1992 arbitration of Exclusive Economic Zone dispute

The boundaries of the 1992 EEZ arbitral decision between Canada and France following Canada's 1996 EEZ extension

The Canada–France Maritime Boundary Case was a dispute between Canada and France that was decided in 1992 by an arbitral tribunal created by the parties to resolve the dispute. The decision established the extent of the Exclusive Economic Zone of the French territory of Saint Pierre and Miquelon.

==Background==
In 1972, Canada and France signed a treaty that delimited the territorial maritime boundary between Canada and the French territory of Saint Pierre and Miquelon. However, the maritime boundaries beyond the territorial sea (including extent of the Exclusive Economic Zones (EEZ) of both countries) continued to be disputed. The extent of each country's EEZ was significant because it would determine where the countries had an exclusive right to fish. Years of failed negotiations led Canada and France to agree in March 1989 to establish an ad hoc arbitral tribunal that would resolve the dispute.

==Arbitral tribunal==
The arbitral tribunal was composed of five arbitrators—three neutral parties and one representative from each country. The neutral arbitrators were Eduardo Jiménez de Aréchaga of Uruguay (president), Gaetano Arangio-Ruiz of Italy, and Oscar Schachter of the United States. Canada's representative was Allan Gotlieb and France's was Prosper Weil.

==Decision==
The arbitral tribunal issued its decision and award on 10 June 1992. It was a 3–2 decision, with the representatives of both Canada and France dissenting from the decision. The zone that was awarded to France was unusual and in two parts: first, the boundary was set at an equidistant line between the French islands and the Canadian island of Newfoundland. Added to this was a 24 nautical mile bulge on the west of the islands. Lastly, a long north–south 188 nmi corridor south of the islands was awarded to France, presumably to allow France access to its EEZ from international waters without having to pass through the Canadian EEZ. The corridor is narrow, being approximately 10½ nautical miles wide. The shape of the award has been likened to a keyhole, a mushroom, and a baguette.
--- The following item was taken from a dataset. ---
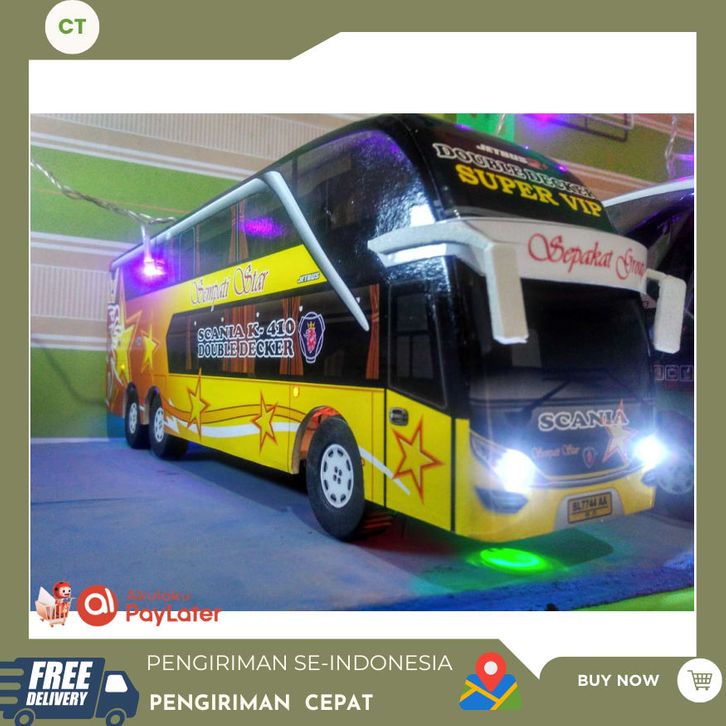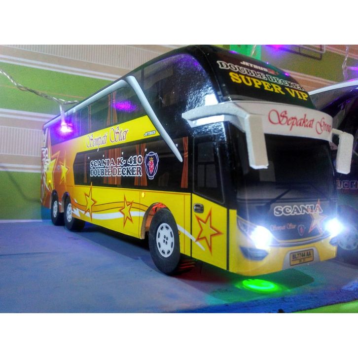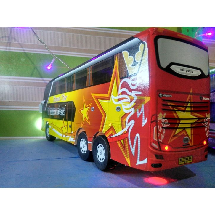 Mainan Bus Telolet Miniatur Bus Bis Sempati Star Double Decker Lampu Roda Berputar Panjang 38cm X 8cm X 12cm

The award was approximately 18% of the territory that France had initially been claiming.

==Criticism==
Since the 1992 award, the decision has been criticised by both Canadian and French commentators as well as neutral observers, noting that a straightforward application of the Convention on the Law of the Sea would extend Canada's EEZ beyond the limits of the French corridor, a circumstance that was not intended by the arbitral tribunal. Indeed, in 1996, Canada unilaterally extended its EEZ using Sable Island as a base point, meaning that the French EEZ became entirely enveloped within Canada's EEZ.